* **ASSIGNED TASK**
Everything in the listing below from the line containing "伝説のあだ名 | 『不死鳥のスナイパーたはらりゅうさく』 |" through the line containing "音楽では、平和記念公園で歌う" must be repeated exactly; the remaining lines are not wanted.

* **DATA FOR PROCESSING**
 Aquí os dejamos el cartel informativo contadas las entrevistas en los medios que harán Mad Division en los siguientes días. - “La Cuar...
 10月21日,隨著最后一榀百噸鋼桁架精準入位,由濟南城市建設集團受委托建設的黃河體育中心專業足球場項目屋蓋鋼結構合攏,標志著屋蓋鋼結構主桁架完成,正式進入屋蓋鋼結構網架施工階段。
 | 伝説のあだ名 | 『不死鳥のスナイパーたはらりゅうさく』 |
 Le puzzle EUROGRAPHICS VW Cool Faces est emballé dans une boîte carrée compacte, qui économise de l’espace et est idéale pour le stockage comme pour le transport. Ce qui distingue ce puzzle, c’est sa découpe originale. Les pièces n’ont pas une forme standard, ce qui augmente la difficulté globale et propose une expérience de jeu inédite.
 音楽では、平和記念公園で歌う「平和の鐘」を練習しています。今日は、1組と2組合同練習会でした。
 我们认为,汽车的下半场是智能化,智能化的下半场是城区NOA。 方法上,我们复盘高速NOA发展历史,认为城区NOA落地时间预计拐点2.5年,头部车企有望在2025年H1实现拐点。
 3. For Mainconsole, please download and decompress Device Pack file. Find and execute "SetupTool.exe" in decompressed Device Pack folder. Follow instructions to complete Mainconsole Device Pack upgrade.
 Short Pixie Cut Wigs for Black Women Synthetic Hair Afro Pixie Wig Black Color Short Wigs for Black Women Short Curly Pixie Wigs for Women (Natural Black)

==

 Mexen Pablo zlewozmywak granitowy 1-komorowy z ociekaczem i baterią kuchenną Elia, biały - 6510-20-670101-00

* **RESULT FOR THIS EXERCISE**
 | 伝説のあだ名 | 『不死鳥のスナイパーたはらりゅうさく』 |
 Le puzzle EUROGRAPHICS VW Cool Faces est emballé dans une boîte carrée compacte, qui économise de l’espace et est idéale pour le stockage comme pour le transport. Ce qui distingue ce puzzle, c’est sa découpe originale. Les pièces n’ont pas une forme standard, ce qui augmente la difficulté globale et propose une expérience de jeu inédite.
 音楽では、平和記念公園で歌う「平和の鐘」を練習しています。今日は、1組と2組合同練習会でした。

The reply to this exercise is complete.